OpenClaw Tools Permissions: Why Chat Works but Exec and Web Do Not
After upgrading OpenClaw yesterday, I ran into a strange problem: channel conversations worked normally, but exec would not run, and web_search and web_fetch were unavailable. After digging into it, I found that this usually does not mean the installation is broken. It is often the expected result of the Tools permission model and security policy taking effect.
The short answer
Changing tools.profile to full can quickly restore capabilities in many cases, but it is only a coarse-grained switch. Actual behavior is determined by three stacked rule layers: tools.profile, tools.allow, and tools.deny, plus the more detailed policy under tools.exec.

If you only change the profile while ignoring deny or exec.security, tools may still be blocked.

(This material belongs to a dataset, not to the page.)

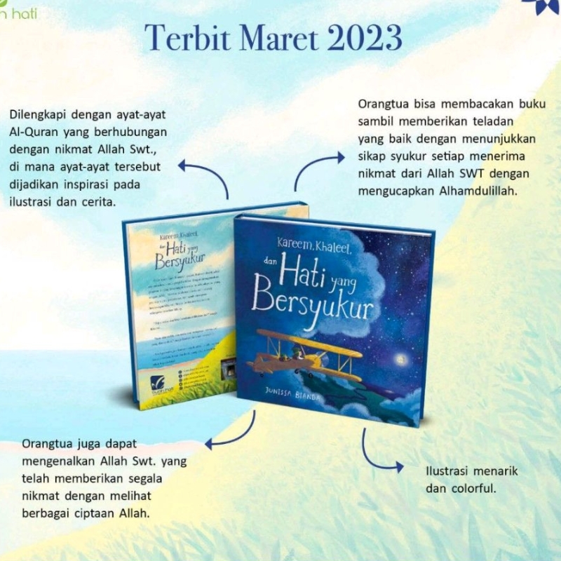 Judul Buku : Kareem, Khaleel, dan Hati yang Bersyukur Penulis : Junissa Bianda Ukuran Buku : 26.5 x 26 cm Jumlah Halaman : 34 halaman Cetakan : I, Maret 2023 ISBN : 978-623-6944-15-8

How the Tools permission model works
OpenClaw agents call capabilities through Tools. They do not directly run a raw shell. Common mappings look like this:
- Run commands:
exec - Read and write files:
read/write - Apply patch changes:
apply_patch - Fetch from the web:
web_fetch - Search the web:
web_search - Control the browser:
browser
Permission decisions follow this order:
deny > allow > profile
That means:
profileprovides the baseline capability set.allowgrants additional capabilities on top of that baseline.denyis the final blocklist and has the highest priority.
Why you can chat but cannot do anything else
After a new install or upgrade, the default may be tools.profile = "messaging". This configuration keeps only conversation-related tools, so chat works, but execution, file access, web access, and similar capabilities are unavailable.

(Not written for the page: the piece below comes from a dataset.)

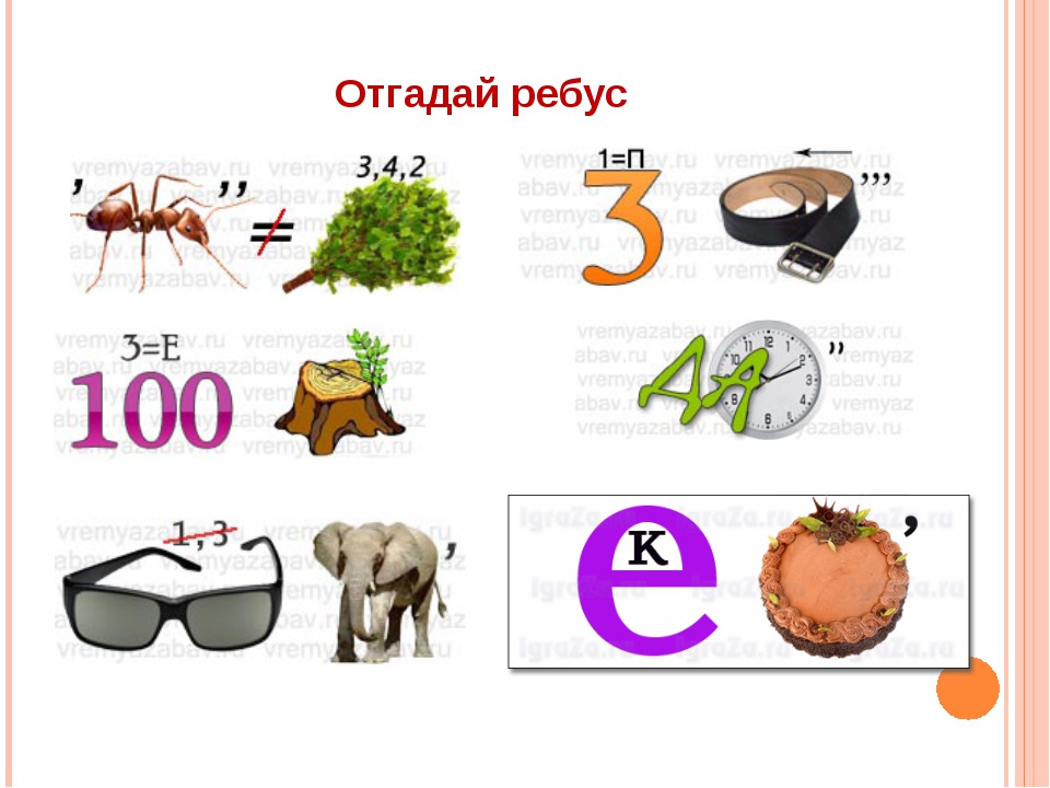 Картинки можно заменять цифрами. Например, буква О и цифра 5, получаем слово опять. 100 и Л, получаем стол.

The second common cause is an overly strict exec policy:
security=deny: execution is disabled outright.security=allowlist, but the command is not on the allowlist: the call is rejected.ask=on-missorask=always: the system waits for approval. If the UI does not show the approval prompt correctly, it can look like the call is stuck.
The third cause is a runtime environment difference. With host=gateway, PATH may be more minimal. If a command cannot be found, it can look like “execution failed” on the surface, while the real issue is that the process environment lacks the command.

Two usable configurations
Option A: minimal usable development config, recommended first
Use this when you need to write code, run commands, and search the web, but do not want to open permissions completely.
{
"tools": {
"profile": "coding",
"allow": ["group:web", "browser"],
"exec": {
"host": "gateway",
"security": "allowlist",
"ask": "on-miss"
}
}
}
For temporary troubleshooting, you can also switch exec.security to full first, then tighten it again after locating the issue.

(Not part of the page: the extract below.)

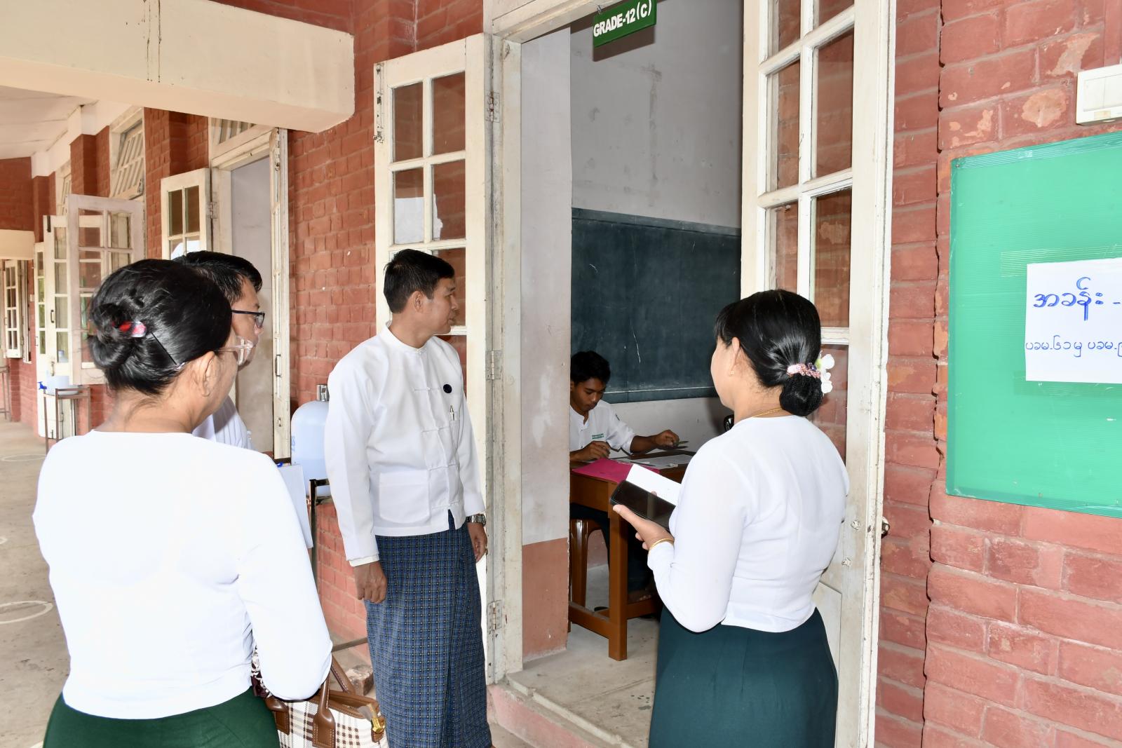 ဦးစွာ ပဲခူးတိုင်းဒေသကြီးအစိုးရအဖွဲ့ လူမှုရေးရာဝန်ကြီး ဦးမျိုးအောင်သည်၊ တိုင်းပညာရေးမှူး၊ ခရိုင်ပညာရေးမှူး၊ တာဝန်ရှိသူများနှင့်အတူ ပဲခူးမြို့ အမှတ်(၁)အခြေခံပညာအထက်တန်းကျောင်းသို့သွားရောက်၍ မြန်မာစာဘာသာရပ်အား ဖြေဆိုနေကြသည့် ကျောင်းသား၊ ကျောင်းသူများအား လိုက်လံကြည့်ရှုအားပေးခဲ့ပြီး စိတ်အေးချမ်းစွာဖြေဆိုနိုင်ရေး တာဝန်ရှိသူများအား လမ်းညွှန်မှာကြားခဲ့သည်။

Option B: local full-permission debugging config
Use this for single-machine debugging and quick validation. I do not recommend using it as the production default.
{
"tools": {
"profile": "full",
"allow": ["*"],
"exec": {
"host": "gateway",
"security": "full",
"ask": "off"
}
}
}
After changing the config, restart OpenClaw:
openclaw gateway restart

Four-step self-check
- Check whether the config is still using the
messagingprofile. - Confirm that
group:webis allowed; otherwise web search will not work. - Check
exec.securityandaskto avoid hidden approval blocking. - After restarting, use status and logs to verify that the config loaded correctly:
openclaw status
openclaw logs --follow
At minimum, confirm that exec, web_search, web_fetch, and browser are available as expected.
Practical advice
Split Tools configuration into two versions: a development template and a production template. This avoids one-off manual edits during urgent troubleshooting. Teams can codify allowed tool groups, approval policy, restart steps, and verification commands in scripts. After each upgrade, you can quickly return to a known-good state instead of relying on memory for permission details.